While the brand now seems a lot more confident and authoritative, there’s still a lovely homespun quality about it all which works brilliantly for something like tomatoes – a brand that was too slick and clinical just wouldn’t work, and would detract from any sense of soil-grown goodness. This is in no small part down to the clever use of texture: the main logo feels very rustic even in flat 2D – you can almost feel the rough, organic qualities of a cardboard label.
The wordmark is kept simple and further underscores the sunshine stuff, sitting in an arc, like a rainbow, and deftly getting round any potential issues of the rather long name so that it works just as well on tiny jar labels as on larger applications.

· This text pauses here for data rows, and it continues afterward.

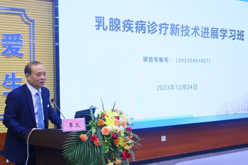 覃天院长首先向各级领导与专家对此次会议的支持表示感谢,对莅临会场的各位专家及同道们表示热烈的欢迎,他介绍此次会议的目的在于加强与省内外专家学者的学术交流,跟进乳腺外科先进技术发展与知识更新,相信通过这次会议交流和各地专家授课,能在乳腺癌治疗的新理念、新进展等方面取得一些进步,为更多的乳腺患者带来健康福音,并预祝学习班圆满成功。
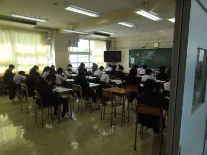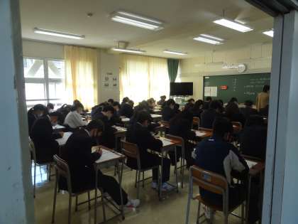 今日は全学年で学習習得確認調査です。国語、数学、社会、理科、英語(2、3年生のみ)と続きます。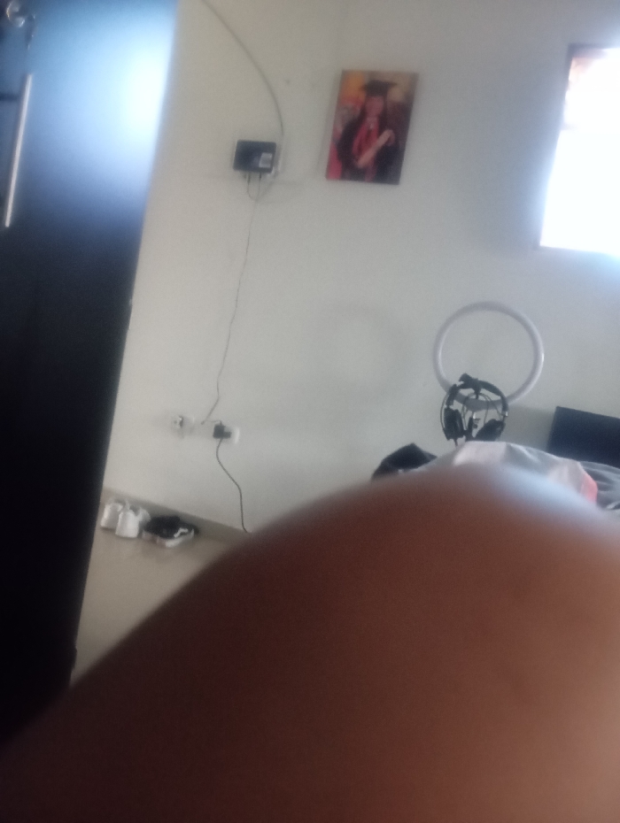 A blurred foreground dominates the view, possibly a part of a person. Behind it, a room scene unfolds. A dark wardrobe stands on the left. A white wall hosts an electrical outlet, a graduation photo, and a circular light fixture. A window emits bright light in the upper right. On a surface below, shoes and other objects are visible, partially obscured.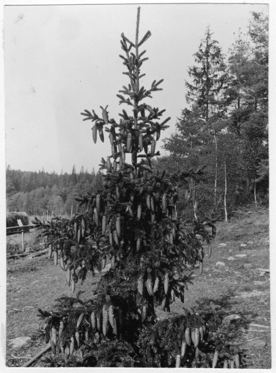 'Bildtext: ''Grantopp med kottar.'' Närbild på gran med kottar. :: :: Fotonr. 7046:293-306 indelade som ''Skogsmarken. Trädens byggnad och livsföreteelser.''. Ingår i serie med fotonr. 7046:1-383, 7047:1-33 och 7048:1-67 med bilder från Länsjägmästare John Lindners bildarkiv.'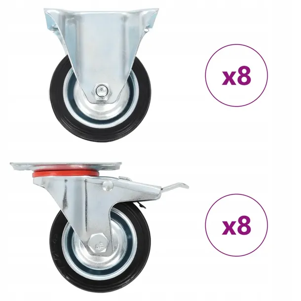 - Przesyłka obejmuje 8 kółek nieskrętnych i 8 kółek skrętnych z hamulcami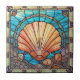 Ce carrelage en céramique présente l'image d'un coquillage orange tan contre l'eau bleue de l'océan. Les couleurs utilisées sont le bleu, l'or, l'orange, le marron et le bronzage. Un effet de recouvrement de vitraux donne un intérêt supplémentaire au design. Beau pour n'importe quelle maison, mais surtout pour une maison de plage ou pour quiconque aime la mer.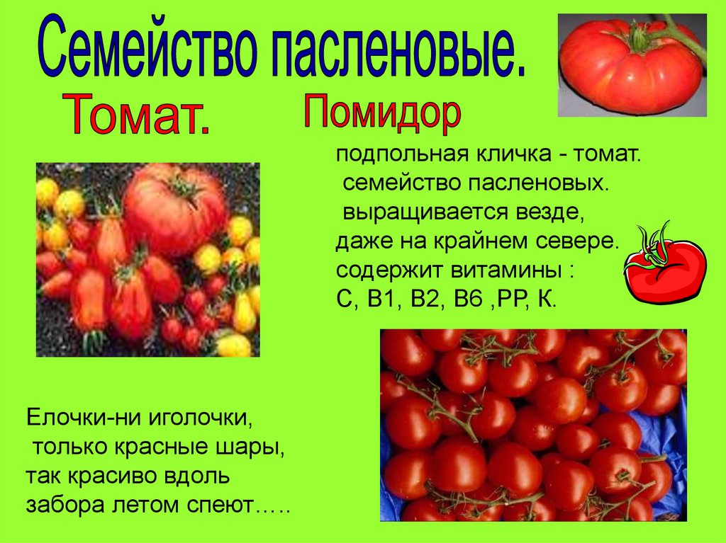 подпольная кличка - томат.семейство пасленовых.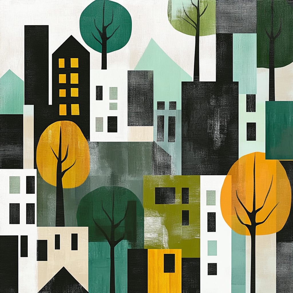 - A geometric cityscape with minimalistic trees seamlessly integrated into the background; the trees are stylized with clean shapes and vivid colors to create a harmonious contrast against the muted buildings. The scene features a balanced composition with strategic use of negative space, emphasizing a calm and modern aesthetic --sref 50468391 --v 6.1 --stylize 200

The typography is mostly kept very simple, using quirky sans serif Elido by Kontour in wide spacing for the ‘MORE SUNSHINE’ and ‘MORE FLAVOUR’ messaging that often appears with the logo. The handwrought vibe goes a little too hard for me on the website, where Joachim Müller-Lancé’s hand drawn Flood script is used: it feels a little overbearing – the ‘local produce’ thing is coming through loud and clear without the use of synthesised typographic brushstrokes.
B&B Studio introduced a new graphic device that it terms a ‘calyx,’ which sits alongside the wordmark to form the logo. Essentially a sweet little green star, this is drawn from the tomato plant itself: calyx simply means the outermost part of a flower, the shape that its sepals make. In its use on Isle of Wight Tomatoes products, the calyx becomes not just a brand mark, but a succinct signifier of quality.
Everything around the identity feels very in step with the company’s ethos and operations, combining “age-old traditions with modern-day innovation… each variety specially selected for their unique flavour and picked only when perfectly ripe,” as Isle of Wight Tomatoes puts it.
The rebrand conveys this brilliantly: the whole identity has a distinctly independent grower, farmstore, foodie feel. It still leans on the market stall thing to some extent, but with a more grownup, gourmet sensibility that roots the brand in the Isle of Wight, but deftly broadens its appeal.